Task to carry out: All of the data should be copied exactly, with the pictures left out.

Recorded data:
- Opening Delimiter -
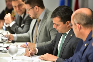 O governador Wilson Lima assinou, nesta segunda-feira (29/04), na sede do Governo do Estado, no bairro Compensa, zona oeste de Manaus, Convênio de Cooperação Técnica com a Defensoria Pública do Estado do Amazonas (DPE-AM) para oferecer assistência jurídica integral e gratuita às forças policiais do Estado. Na ocasião, também assinou mensagem que será enviada para apreciação da Assembleia Legislativa do Estado (ALE-AM) estabelecendo recompensa financeira aos policiais civis e militares que apreenderem armas de fogo ilegais.
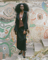 Per la collezione SS 2024, Nine-Night, che prende il nome da una tradizione funeraria praticata nei Caraibi, la designer ha collaborato con l’artista giamaicana Laura Facey per presentare top crochet, pantaloni relaxed, gonne midi a pieghe e dettagli all’uncinetto. Diotima amplia la definizione di sostenibilità producendo solo due collezioni all’anno, tutte su ordinazione e realizzate con materiali sostenibili.
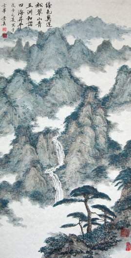 绿色奥运,松翠山青,五洲和谐,四海升平。
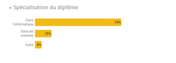 Peu de surprise concernant la spécialisation, les développeurs sont majoritairement diplômés en informatique.
- Closing Delimiter -
Exercise solution:
 O governador Wilson Lima assinou, nesta segunda-feira (29/04), na sede do Governo do Estado, no bairro Compensa, zona oeste de Manaus, Convênio de Cooperação Técnica com a Defensoria Pública do Estado do Amazonas (DPE-AM) para oferecer assistência jurídica integral e gratuita às forças policiais do Estado. Na ocasião, também assinou mensagem que será enviada para apreciação da Assembleia Legislativa do Estado (ALE-AM) estabelecendo recompensa financeira aos policiais civis e militares que apreenderem armas de fogo ilegais.
 Per la collezione SS 2024, Nine-Night, che prende il nome da una tradizione funeraria praticata nei Caraibi, la designer ha collaborato con l’artista giamaicana Laura Facey per presentare top crochet, pantaloni relaxed, gonne midi a pieghe e dettagli all’uncinetto. Diotima amplia la definizione di sostenibilità producendo solo due collezioni all’anno, tutte su ordinazione e realizzate con materiali sostenibili.
 绿色奥运,松翠山青,五洲和谐,四海升平。
 Peu de surprise concernant la spécialisation, les développeurs sont majoritairement diplômés en informatique.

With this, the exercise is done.